• [EXERCISE]
What is needed is a word-for-word copy of the listing below, without pictures.

• [DATA SHOWN]
----

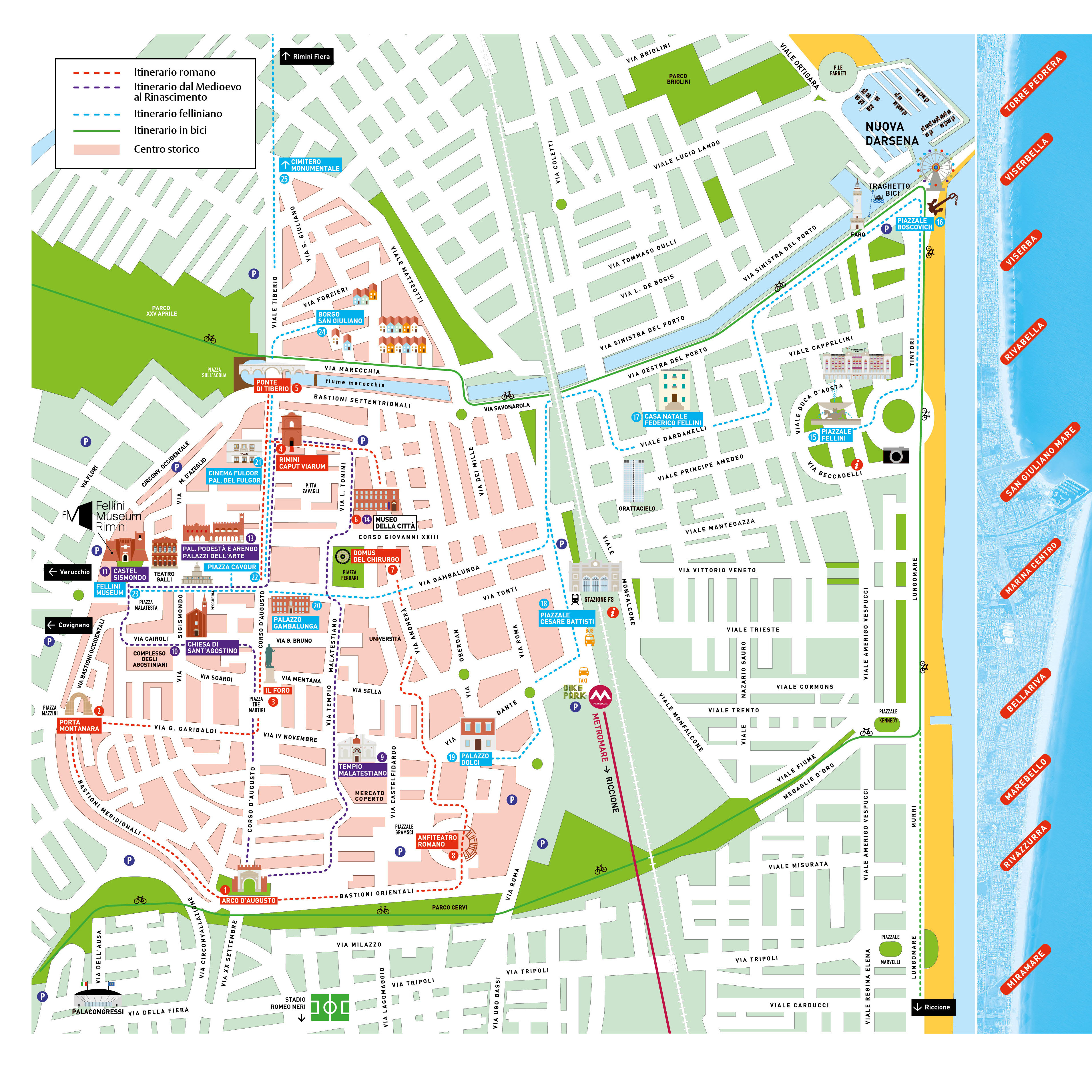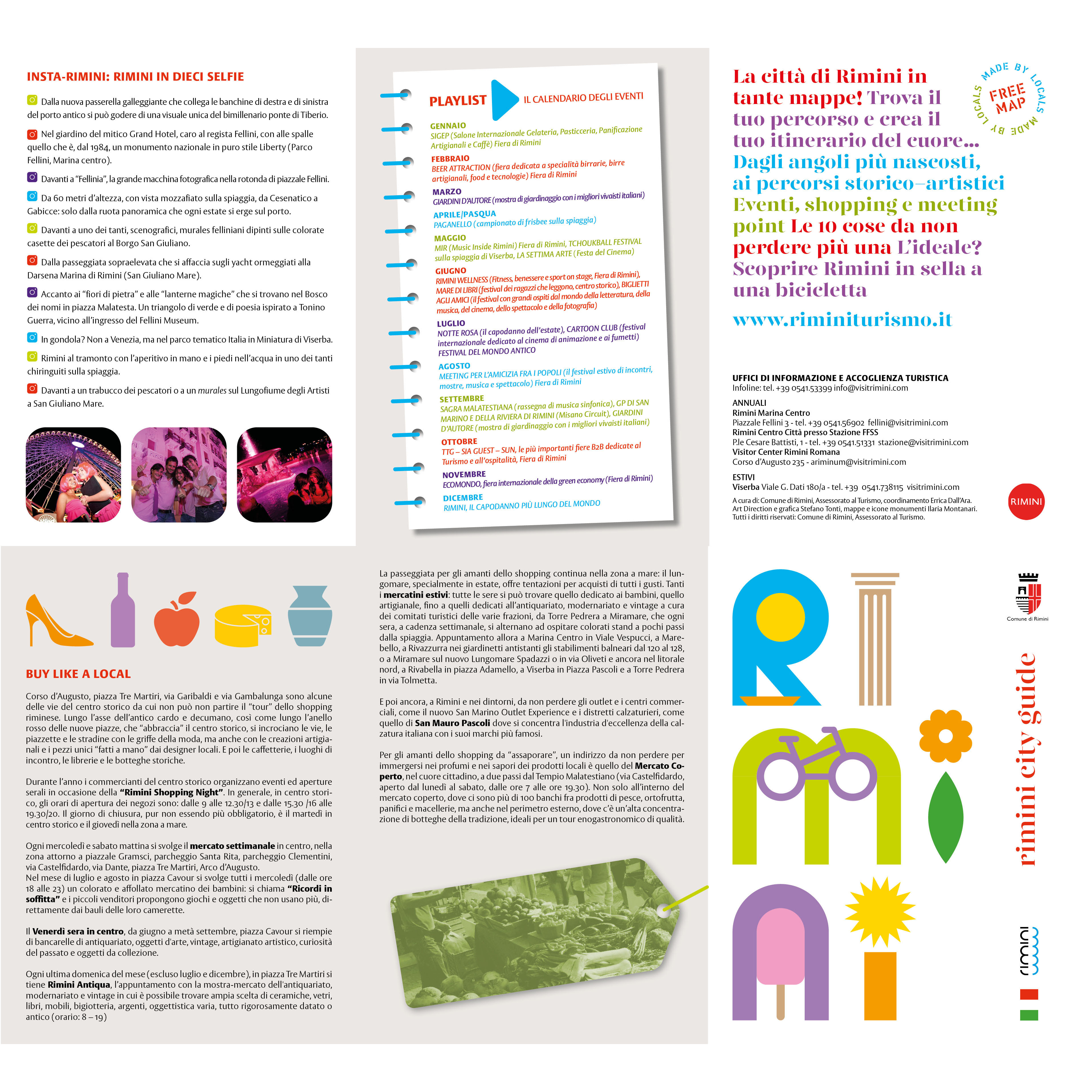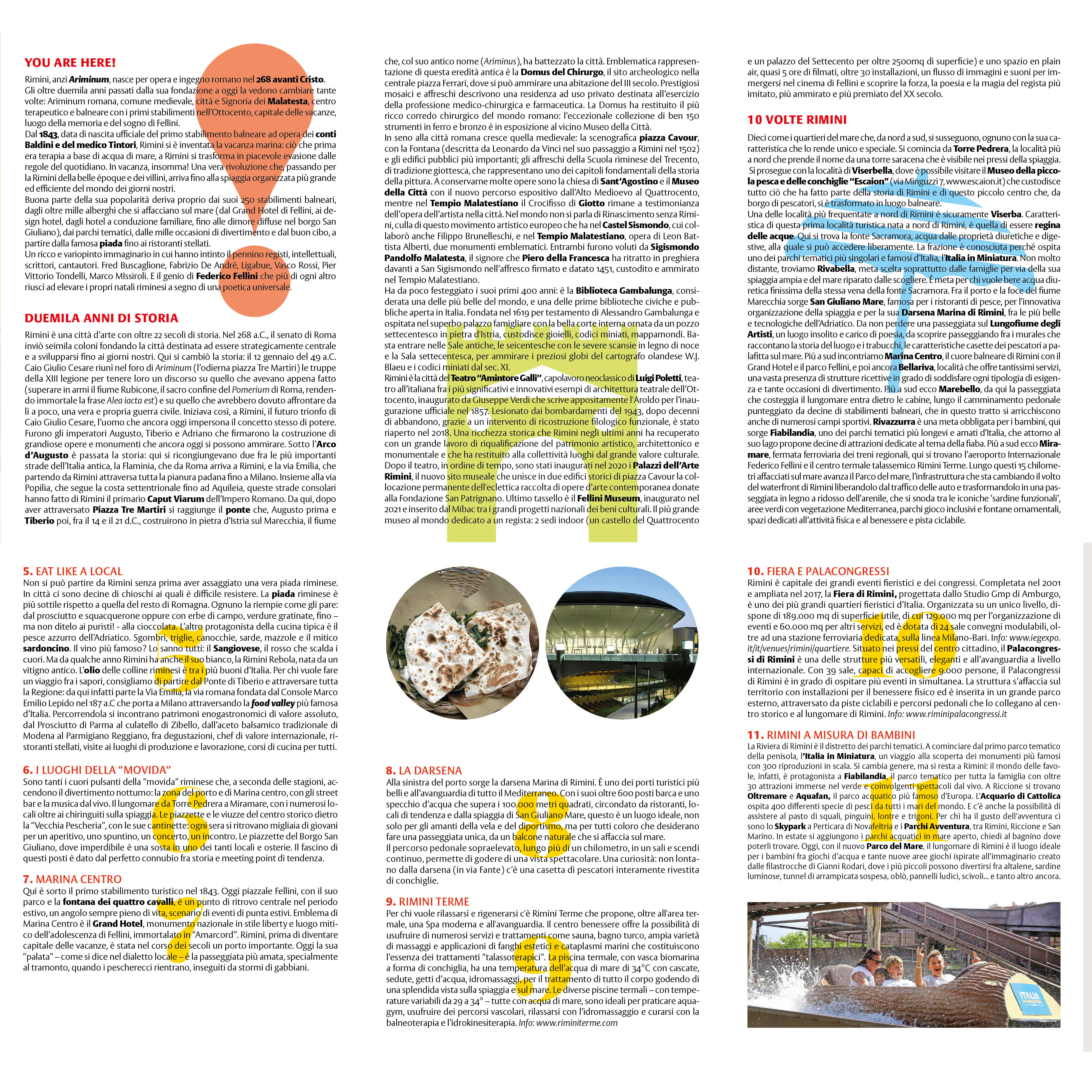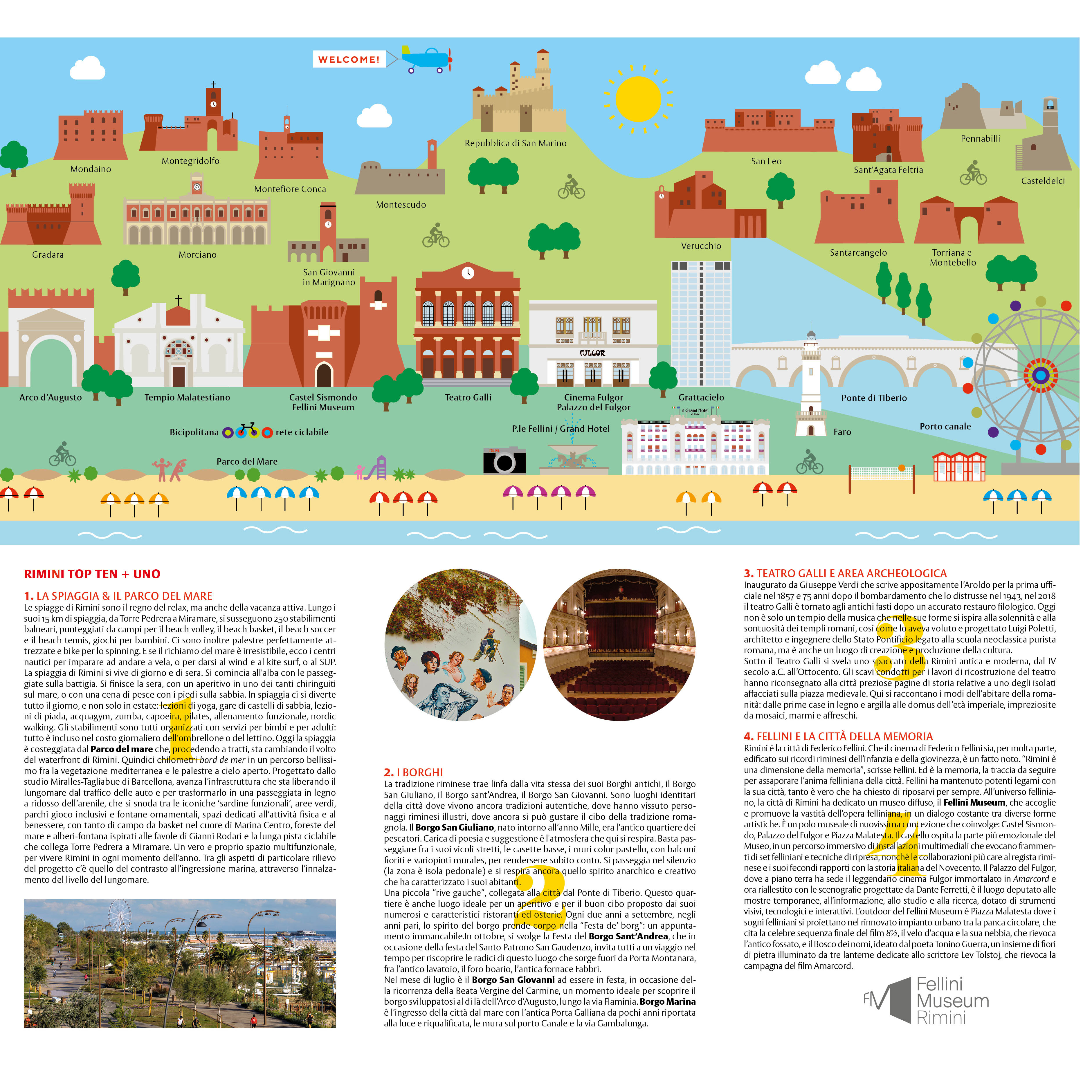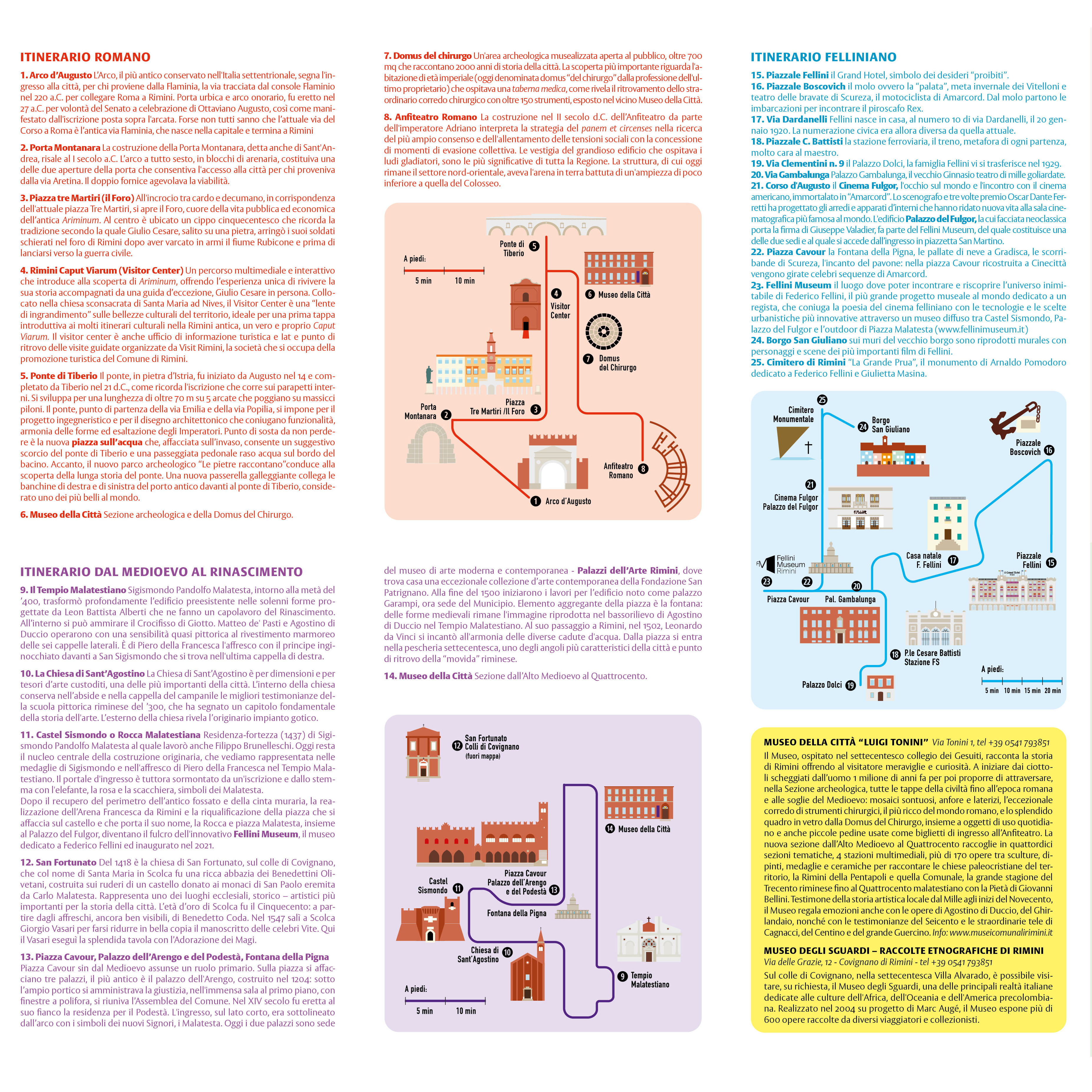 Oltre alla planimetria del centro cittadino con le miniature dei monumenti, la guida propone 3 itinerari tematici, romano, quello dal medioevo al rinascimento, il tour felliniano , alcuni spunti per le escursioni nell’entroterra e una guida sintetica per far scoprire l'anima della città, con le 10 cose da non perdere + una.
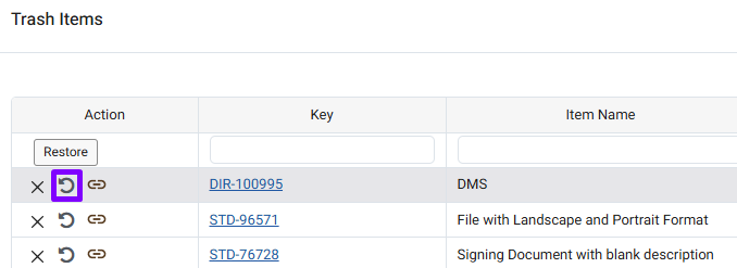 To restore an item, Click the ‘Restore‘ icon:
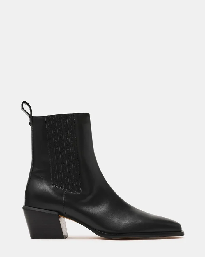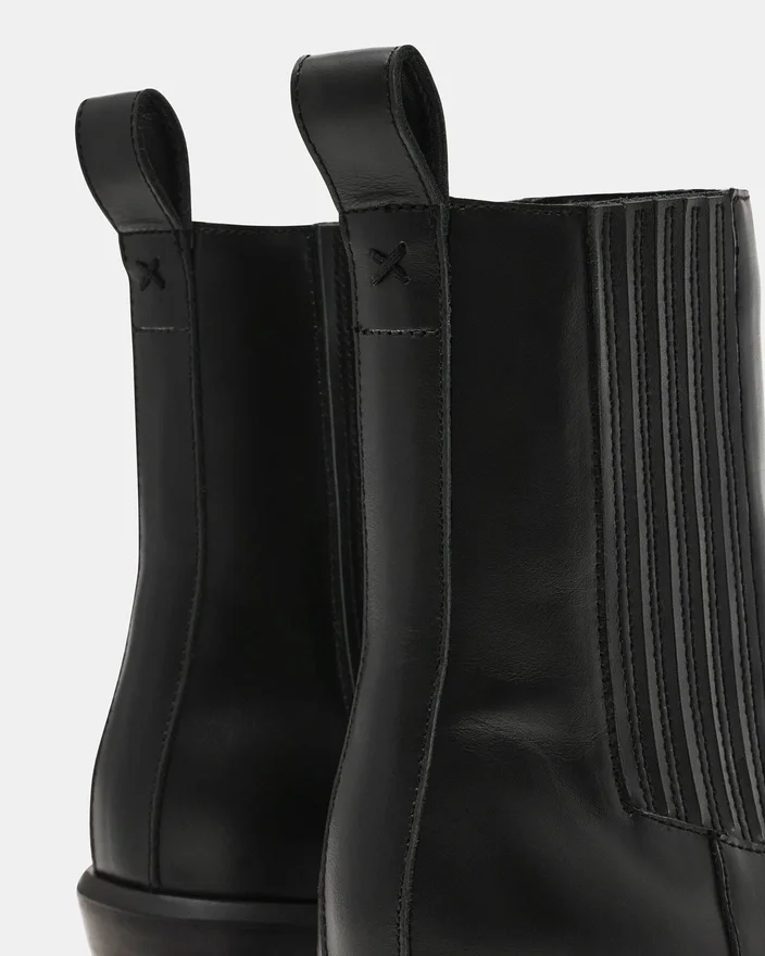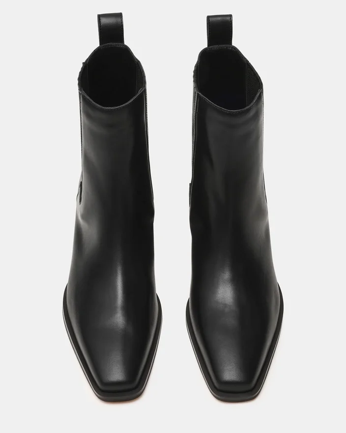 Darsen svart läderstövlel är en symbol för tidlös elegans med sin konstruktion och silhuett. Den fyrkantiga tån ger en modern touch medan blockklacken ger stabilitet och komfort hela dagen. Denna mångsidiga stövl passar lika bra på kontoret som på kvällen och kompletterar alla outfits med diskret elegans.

----

• [TASK ANSWER]
 Oltre alla planimetria del centro cittadino con le miniature dei monumenti, la guida propone 3 itinerari tematici, romano, quello dal medioevo al rinascimento, il tour felliniano , alcuni spunti per le escursioni nell’entroterra e una guida sintetica per far scoprire l'anima della città, con le 10 cose da non perdere + una.
 To restore an item, Click the ‘Restore‘ icon:
 Darsen svart läderstövlel är en symbol för tidlös elegans med sin konstruktion och silhuett. Den fyrkantiga tån ger en modern touch medan blockklacken ger stabilitet och komfort hela dagen. Denna mångsidiga stövl passar lika bra på kontoret som på kvällen och kompletterar alla outfits med diskret elegans.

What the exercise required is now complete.